Instead of directly transmitting Base64 encoded files, you can use RunPod's Network Volumes to handle large files. This is especially useful when dealing with large image files and LoRA models.

  1. Create and Connect Network Volume: Create a Network Volume (e.g., S3-based volume) from the RunPod dashboard and connect it to your Serverless Endpoint settings.
  2. Upload Files: Upload the image files and LoRA models you want to use to the created Network Volume.
  3. File Organization:
    • Place your input images anywhere in the Network Volume
    • Place LoRA model files in the /loras/ folder within the Network Volume
  4. Specify Paths: When making an API request, specify the file paths within the Network Volume:
    • For image_path: Use the full path to your image file (e.g., "/my_volume/images/portrait.jpg")
    • For LoRA models: Use only the filename (e.g., "my_lora_model.safetensors") - the system will automatically look in the /loras/ folder

πŸ”§ Client Methods

GenerateVideoClient Class

__init__(runpod_endpoint_id, runpod_api_key)
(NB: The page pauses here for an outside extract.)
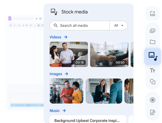 Enhance scenes with high-quality, royalty-free stock media, music and more from our content library, or generate an image using Gemini in Vids.

Initialize the client with RunPod endpoint ID and API key.

create_video_from_image(image_path, prompt, width, height, length, steps, seed, cfg, context_overlap, lora_pairs, negative_prompt)

Generate video from a single image.

Parameters:

  • image_path (str): Path to the input image
  • prompt (str): Text prompt for video generation
  • negative_prompt (str): Negative prompt to exclude unwanted elements (default: None)
  • width (int): Output video width (default: 480)
  • height (int): Output video height (default: 832)
  • length (int): Number of frames (default: 81)
  • steps (int): Denoising steps (default: 10)
  • seed (int): Random seed (default: 42)
  • cfg (float): CFG scale (default: 2.0)
  • context_overlap (int): Context overlap (default: 48)
  • lora_pairs (list): LoRA configuration pairs (default: None)

batch_process_images(image_folder_path, output_folder_path, valid_extensions, ...)

Process multiple images in a folder.

Parameters:

  • image_folder_path (str): Path to folder containing images
  • output_folder_path (str): Path to save output videos
  • valid_extensions (tuple): Valid image extensions (default: ('.jpg', '.jpeg', '.png', '.bmp', '.tiff'))
  • Other parameters same as create_video_from_image

save_video_result(result, output_path)

Save video result to file.

Parameters:

  • result (dict): Job result dictionary
  • output_path (str): Path to save the video file

πŸ”§ Wan2.2 Workflow Configuration

This template uses a single workflow configuration for Wan2.2:

  • new_Wan22_api.json: Wan2.2 image-to-video generation workflow (supports up to 4 LoRA pairs)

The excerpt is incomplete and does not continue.